Every illness and injury offshore, like every maintenance issue, is inherently more difficult to deal with than that same issue on land. That means that if your cheap quarters manage to hurt someone in any way, you’re in for a world of trouble in expenses, morale loss, and, potentially, attention from government agencies. Safety is paramount for your offshore living quarters, and safety can’t be guaranteed unless the quality of the manufacturer is guaranteed. It’s simply not worth the risk to go cheap and not spend the time to consider your options.

Miserable living drives high turnover

The very nature of offshore living quarters means you face a very big potential problem: your workers don’t get to go home and relax after their shift. Instead of controlling their quality of life for 8 hours of the day, you control it for the full 24 hours. That means that if you’re housing them in low-quality, uncomfortable living quarters, they’re not going to stick around for long.
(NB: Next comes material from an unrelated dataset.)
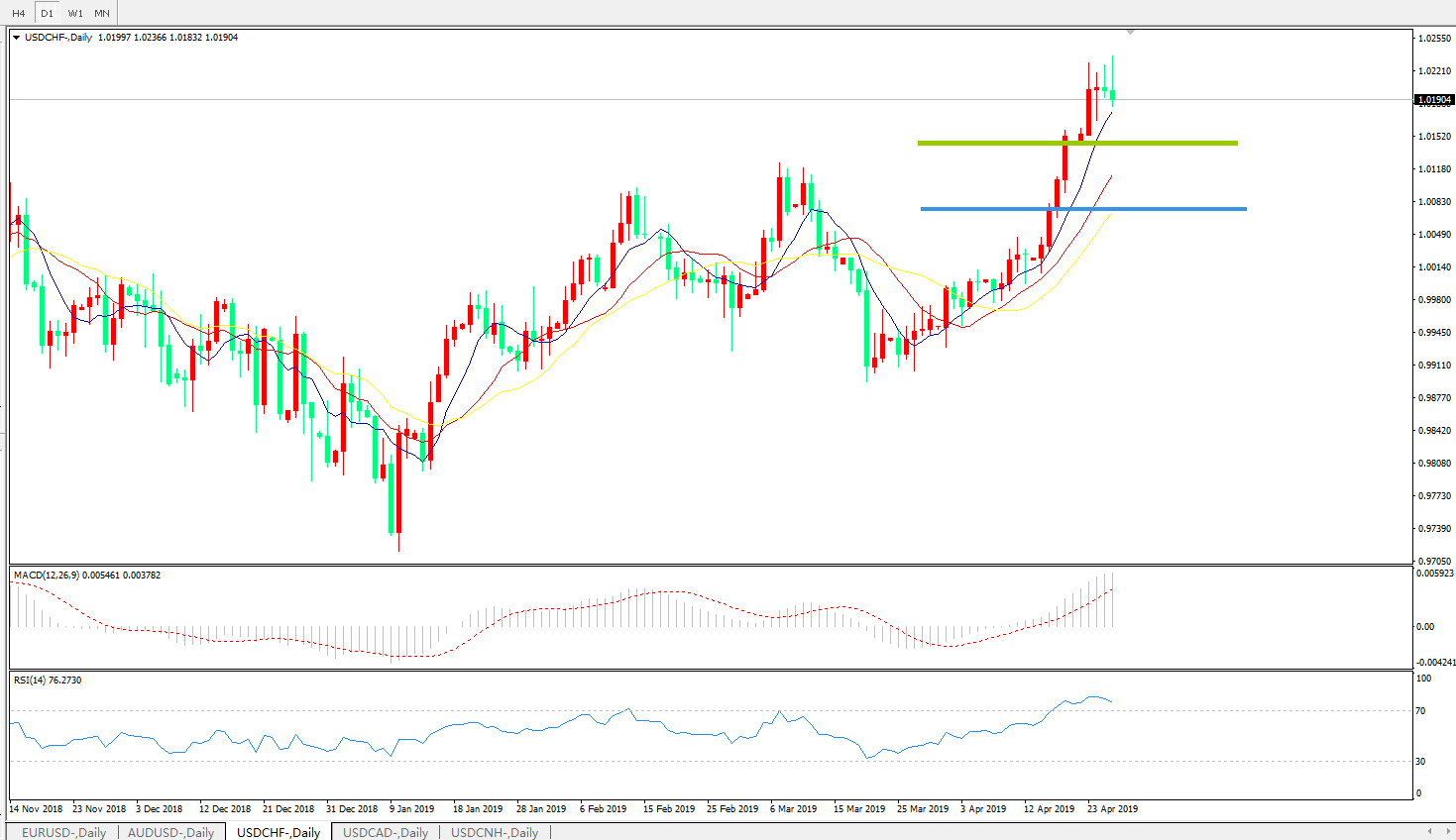 美元瑞郎USDCHF   日线图:

What’s the value of a good paycheck, if you never, ever feel completely off the clock? And when turnover is high, profits plummet—training isn’t free, inexperienced workers aren’t as productive, etc. Take the time to make sure that ‘off the clock’ feels like ‘off the clock’, or you’ll surely regret it.

Productivity suffers without comfort

Continuing on from the last problem, even if your issues aren’t driving turnover (perhaps you offer truly amazing pay), there’s plenty of reason to avoid running your employees ragged with shoddy living conditions. If employees are tired because their sleeping arrangements suck, if they’re sickly, if they’re mad all the time because the showers are no good, those various factors are going to add up to lowered productivity across the board. Happy, comfortable employees work better than those same employees surly and miserable—so make the productive choice, and pay attention to your offshore quarters’ quality.

Good quarters help recruitment

Trying to get a better tier of worker to take jobs at your facility? Good living quarters can mean a world of difference to a savvy prospect. All things equal, employees will want to take the job where they’ll get to properly enjoy and wind down in their off-hours, which means that by investing in better quarters, you can get better employees at the same level of pay and benefits. That’s a massively profitable investment in the long term—it’s hard to beat the ROI on a decision that saves you on maintenance, insurance, productivity, and wages.

Inefficient designs waste money

You’ve certainly at one point or another in your life worked with a piece of equipment that wasted your time because of shoddy craftsmanship. Multiply that across all the daily activities which interact with your offshore living quarters, and you can imagine how much time poor facilities can truly waste over time. The individual problems don’t have to be big; if they add up to even a single wasted hour each day, you’re in trouble.

Bad companies go under, leaving you in a bind

When something goes wrong and you need replacement parts or equipment for your offshore living quarters, will the business you bought from still be around? Sub-par companies don’t last for long, and when they vanish and leave you with ‘legacy’ equipment, you’re in for a lot of hassle moving forward. Far better to work with a manufacturer you can depend upon to provide you with products and services for years and years to come.